Я снова взглянул на женщину и сморозил:
- А я думал, Вы поэтесса. Анна Ахматова.
- С чего бы это? – удивилась мама Оли. И еще с большим удивлением, – А ты читал Анну Ахматову?
Не ответив, я опрометью выбежал из комнаты соседей, и буквально ворвавшись к себе, схватил с дивана книжку, которую накануне вечером читала мама.
- Вот , - я протянул Елене Сергеевне книжку.
- Да, это томик Анны Ахматовой. И знаменитый портрет работы Альтмана.
Снова обернулась ко мне с удивлением:
- Ты читаешь стихи?
- Нет, это мама. Она любит стихи. Я тоже умею хорошо читать. Вон, смотрите, на обложке написано "Анна Ахматова". И Ваш портрет.
Мама Оли рассмеялась:
- Что ты, Миша, это не мой портрет. А схожесть – ну разве что желтая шаль.
И снова предложила:
- Давайте уже пить чай.
Мы сидели с Олей напротив друг друга, пили горячий свежезаваренный грузинский чай. И кизиловое варенье было необычайно вкусным. Я рассматривал фотографии военного летчика на стенах. Их было много. Уж не помню о чем мы тогда говорили. Что-то про летчиков, кажется. Так началась наша короткая дружба с Олей.
И никакой она была не занудой, а совсем напротив - удивительной девочкой. Всегда аккуратная, спокойная и вежливая, она конечно недолюбливала наши с Сашкой беготню и футбол, и никогда не принимала участие в таких играх. Но зато она научила нас танцевать "Яблочко". Да-да, с выходом, с хлопками по коленкам и голеням.

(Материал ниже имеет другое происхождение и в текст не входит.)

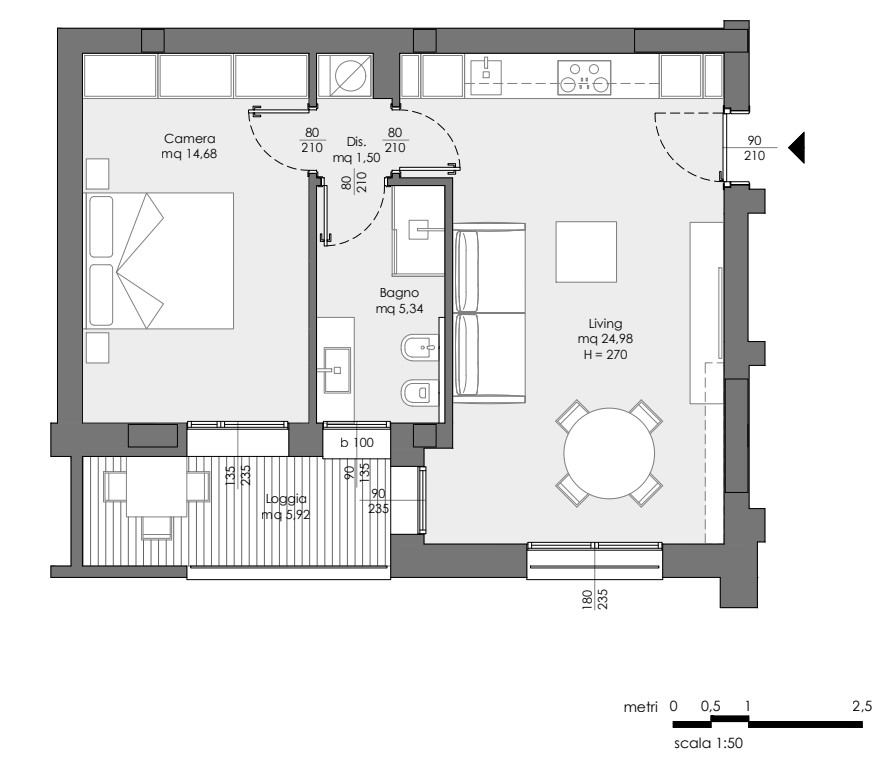 L’immobile è composto da ingresso sul soggiorno con angolo cottura, disimpegno notte, un bagno finestrato e una camera matrimoniale con accesso diretto al balcone loggiato, ideale per godere di uno spazio esterno coperto e riservato, e sarà dotato di riscaldamento a pavimento, porta d’ingresso blindata, infissi in PVC/doppio vetro, tapparelle elettriche in alluminio coibentato e zanzariere installate in tutti gli ambienti.
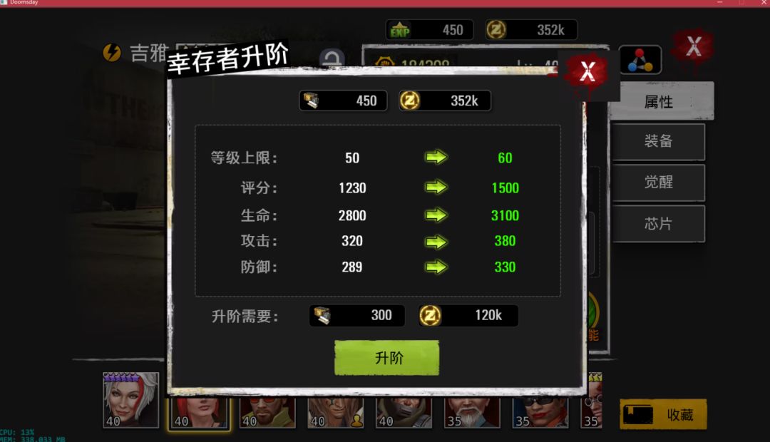 正在进行提升自我的幸存者,在幸存者升级后数值会大大提升哦
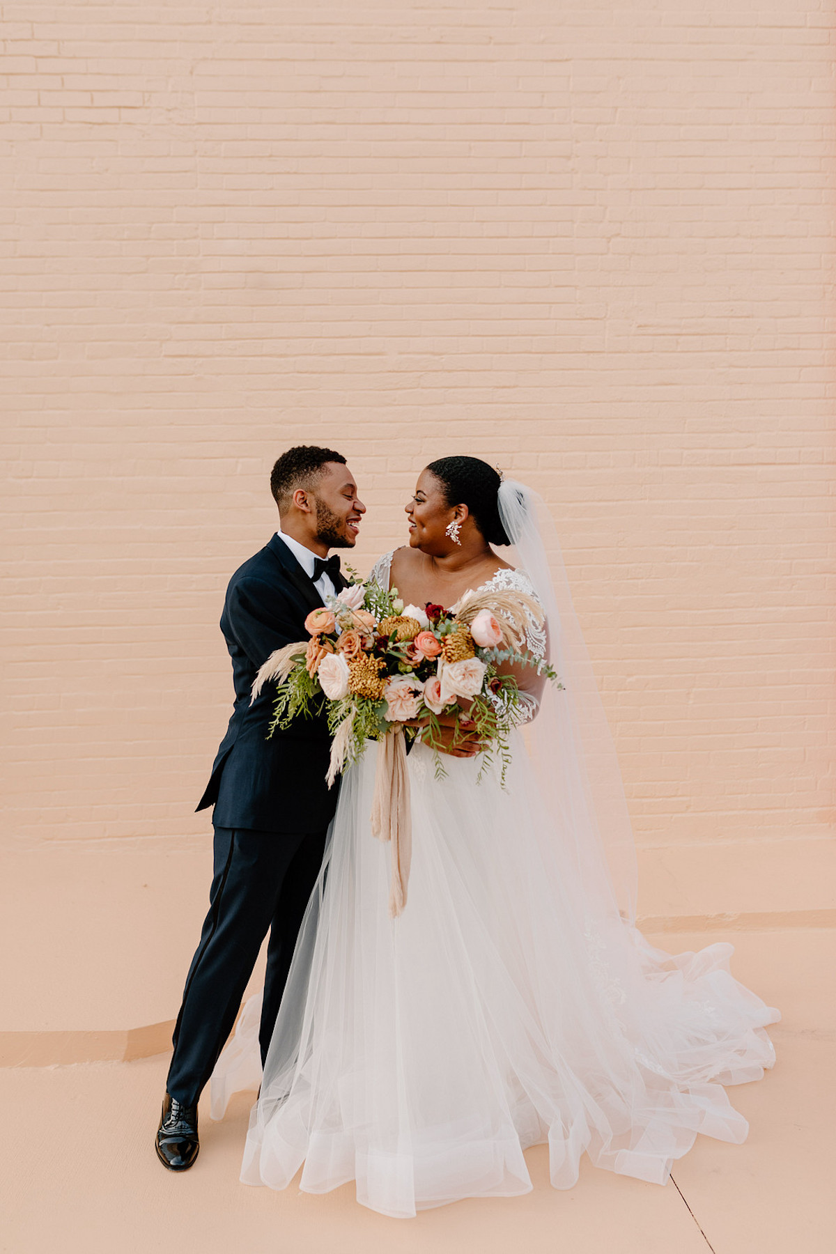 Leur mariage bohème industriel comportait de magnifiques fleurs pêche et blush, avec des touches de teintes dorées chaudes et un décor moderne. Ils ont inclus l’allumage d’une bougie d’unité dans leur cérémonie, qui a été un moment très spécial et symbolique pour le couple et leurs proches. Gabrielle et Christian ont également inclus des vœux auto-écrits, qui ont fait pleurer tout le monde.

К Сашке она относилась с прохладцей, уж не знаю почему. А со мной общалась всегда тепло, хотя и подчеркивая свое безусловное старшинство.
- Мишенька, ну не будь ты как медведь. Вот смотри, - и споро, в такт мелодии, стучала себя ладошками по коленкам. Как выяснилось, Оля с четырех лет занималась танцами. А еще она умела играть на пианино и баллалайке, под которую пару раз в коридоре нашей коммуналки мы давали взрослым "концерты"- домашники.
Как-то раз, когда мы вечером "воевали" с мамой, разбирая очередную арифметическую задачу, она постучала в нашу дверь.
- Добрый вечер.
Моя мама, только что распекавшая свое нерадивое чадо, ответила:
- Здравствуй, Оленька. Миша пока занят. Он уроки делает.
- Вот по этому поводу я и зашла. Давайте я буду с Мишей заниматься.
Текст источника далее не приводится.